Pregnancy

I Had To Stop Breastfeeding For My Mental Health — Literally

By  | 

Linda describes herself as an educated woman who is fully aware of the health benefits to breastfeeding one’s baby. Coupled with massive social pressures to breastfeed, Linda’s sister-in-law is also in the La Lech League, a nonprofit organization dedicated to encouraging women to nurse. Aside from Linda’s gnawing anxieties about breastfeeding, she had been hearing her sister-in-law espouse all the beneficial facts and figures for a decade.

Yet, her ultimate decision to stop breastfeeding her daughter came at the suggestion of her concerned husband. Although Linda planned to stick to the recommended six months for the sake of her daughter,  she found that she was doing no service to her baby by being a wreck.

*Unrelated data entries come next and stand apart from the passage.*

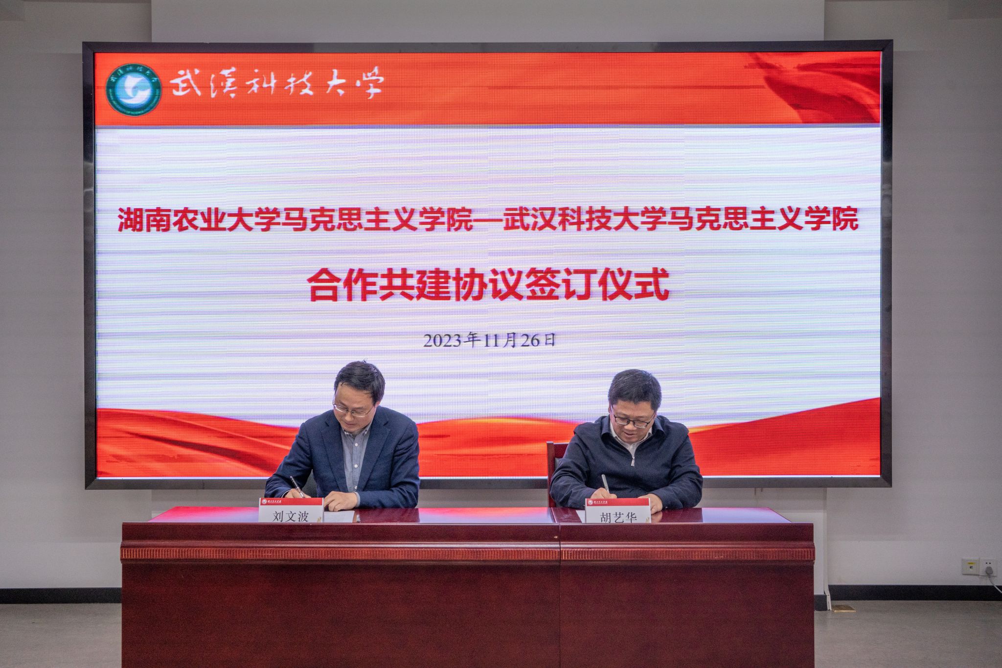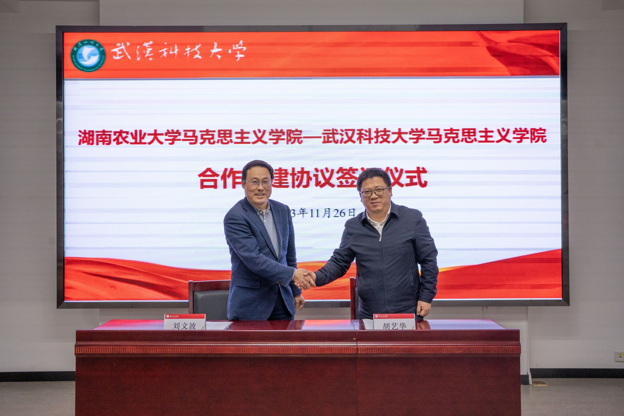 本网讯(通讯员郭海沙) 为深入贯彻落实习近平总书记关于加强william威廉中文建设和思政课教学的系列重要指示批示精神,对标对表中宣部、教育部等部门的相关政策要求和工作部署,推动william威廉中文协同发展,2023年11月26日,我院与湖南农业大学william威廉中文签署合作共建协议。我院院长刘文波教授、湖南农业大学william威廉中文院长胡艺华教授分别代表双方学院签署协议,部分高校william威廉中文院长出席签字仪式。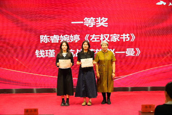 “薪火相传・走向复兴”篇章中,陈亚丽、郭娅曼、董高慧、朱贵凯等4人演唱《如愿》,满含对祖国的热爱与期许;优秀配音作品集锦回顾活动精彩瞬间。随后,现场正式揭晓“声载历史・语传薪火”双语配音活动获奖名单,梁小华院长、方璇副书记、许敏副院长等学院领导为获奖同学颁奖,对同学们用语言艺术传承红色基因的努力给予肯定。
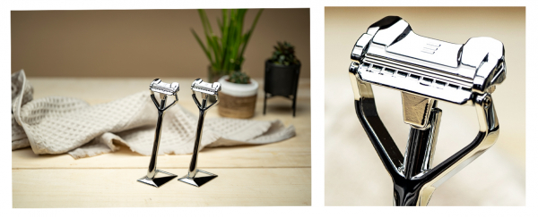 もう従来の高価な替刃ヘッドは不要です。替刃は市販されている両刃カミソリを半分にカットして利用可能。圧倒的な替刃コスパを実現しました。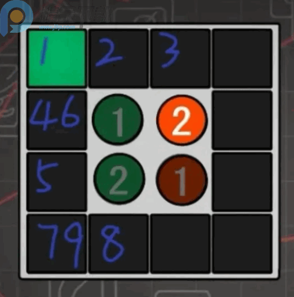 2.回到「人1」解绿色按键的谜题(图2)得【宝石】,回「人2」用【杀虫剂】喷绿色毛毛虫,得「人物卡3」。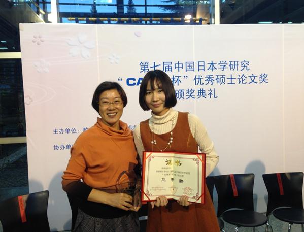 2014年11月6日,第七届中国日本学研究“卡西欧杯”优秀硕士论文奖颁奖典礼在北京日本学研究中心隆重举行。北京外国语大学副校长闫国华,中国日语教学研究会会长、北京日本学研究中心主任徐一平,日本驻华大使馆公使山本恭司、参赞横井理夫,北京日本文化中心所长吉川竹二等参加了颁奖典礼。我校外国语学院施晖教授指导的2014届日语语言文学专业硕士研究生高晓璇荣获三等奖。

“In the most loving way possible, he let me know that our daughter needed a healthy mother more than she needed my breastmilk,” she says. “And he was right.  I needed to be present in her life instead of floating through the day in a fog. I wanted to be engaged in her life and enjoying all the new things that babies learn in that first year. After a few sessions of therapy knocked the cobwebs out of my brain and I was able to think more clearly, I realized that he was right. I had to stop breastfeeding in order to be the emotionally present mother that my daughter deserved.”

Linda describes her initial feeling after relinquishing the breast in one word: relief. She tells me that the decision truly lifted a weight from her shoulders and realigned the partnership in her marriage. Able to share parenting duties with her husband, she calls her halt to breastfeeding as a real turning point in her recovery from PPD.

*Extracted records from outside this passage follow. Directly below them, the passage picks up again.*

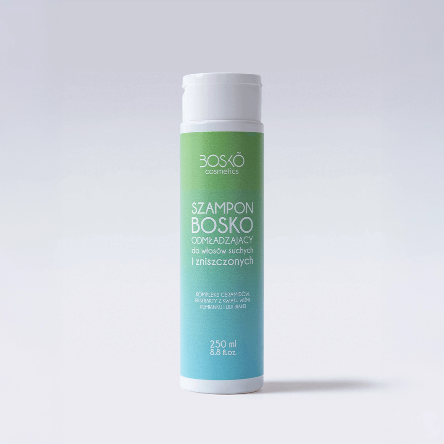 Szampon BOSKO Odmładzający - szampon do włosów rekomendowany dla każdego typu skóry głowy, w szczególności tej suchej i podrażnionej. Zawiera kompleks 5 ceramidów, które otulają włos i naskórek odżywczą warstwą okluzyjną, zapewniając łodydze włosa pożądaną miękkość oraz gładkość. Dodatek systemu lamelarnego odpowiada za regenerację uszkodzeń, a Saccharide Isomerate silnie nawilża zarówno naskórek jak i pasma włosów. Kompozycję uzupełnia prebiotyczny ferment ryżowy, który dba o mikrobiom skórny i minimalizuje podrażnienia, a także regulujący glukonolakton. Szampon doskonale oczyszcza skórę głowy i włosy u nasady, a ponadto łagodzi, przywraca odpowiedni poziom nawilżenia, wspiera florę mikrobiologiczną i stymuluje odnowę komórkową.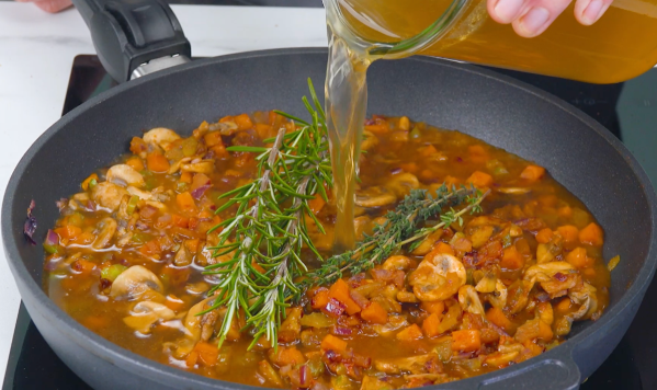 • Fry the diced red onions, sliced mushrooms, diced carrots, and diced celery in olive oil. Add in the balsamic vinegar, sprigs of thyme & rosemary, tomato paste, and mustard. Gradually pour the vegetable broth into the frying pan and let everything simmer until the gravy thickens slightly.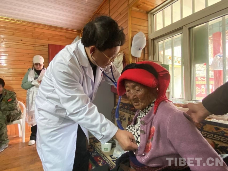 圖為“同心·共鑄中國(guó)心”醫(yī)務(wù)志愿者、廣東省中醫(yī)院心血管病??浦魅吾t(yī)師陳伯鈞為藏族阿媽查體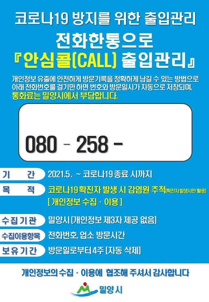 밀양시는 코로나19 확산방지를 위해 관내 다중이용시설에 무료로 지원하고 있는 안심콜 출입관리서비스 사업이 성공적으로 진행되고 있다고 밝혔다.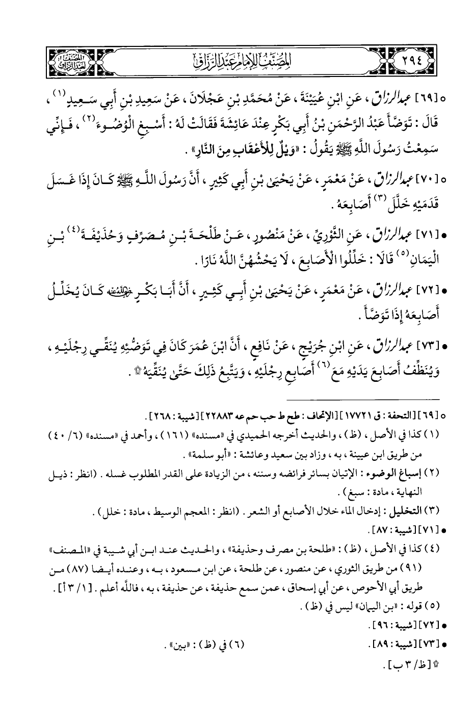 • [٧١] عبد الرزاق، عَنِ الثَّوْرِيِّ، عَنْ مَنْصُورٍ، عَنْ طَلْحَةَ بْنِ مُصَرَّفٍ وَحُذَيْفَةَ (¬٤) بْنِ الْيَمَانِ (¬٥) قَالَا: خَلِّلُوا الْأَصابعَ، لَا يَحْشُهُنَّ اللَّهُ نَارًا.

“The day that I stopped breastfeeding was the day that I felt I could move onto the next chapter in my life and start digging myself out of that dark hole.”

Now a year later, Linda is still regularly seeing a therapist for her PPD. She also encounters comments and cultural judgements for not breastfeeding her daughter “long enough.” However, she appears unfazed by the digs at her daughter’s first few months of life, telling me, “I know my truth.” She says that her ordeal with PPD, anxiety, and breastfeeding has revealed a lot to her about the criticisms and judgements mothers are often keen to make about one another, as well as illuminating what’s truly best for her own child.

“Over the past months I’ve realized that the ‘best’ that I can give her isn’t always what can be written down on paper or put in a category like natural birth, breastfeeding, co-sleeping, etc. The best that I can give her is an emotionally stable and content mother.”